§ Material provided
####################

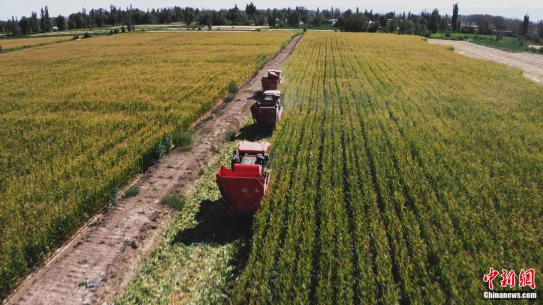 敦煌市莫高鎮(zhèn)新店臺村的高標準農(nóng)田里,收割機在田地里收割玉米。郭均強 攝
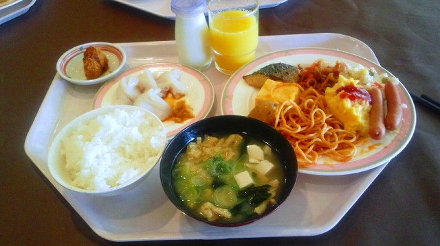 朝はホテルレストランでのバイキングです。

####################

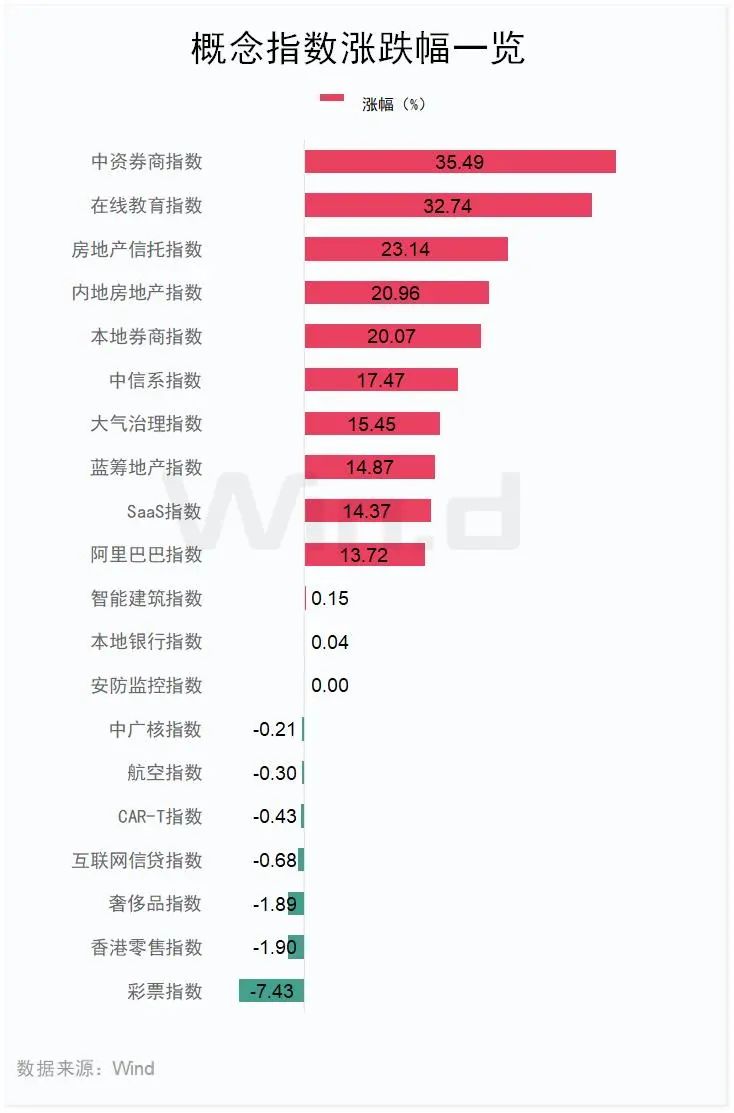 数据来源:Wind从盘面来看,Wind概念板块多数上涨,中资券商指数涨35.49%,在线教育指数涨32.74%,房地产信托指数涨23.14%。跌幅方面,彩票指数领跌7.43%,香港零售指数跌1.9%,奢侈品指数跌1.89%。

####################

§ Problem description
From the records above, give again only the part that opens with the line containing "敦煌市莫高鎮(zhèn)新店" and closes with the line containing "朝はホテルレストランでのバイキングです。". Keep both ends but drop the pictures.

§ Exercise output
 敦煌市莫高鎮(zhèn)新店臺村的高標準農(nóng)田里,收割機在田地里收割玉米。郭均強 攝
 朝はホテルレストランでのバイキングです。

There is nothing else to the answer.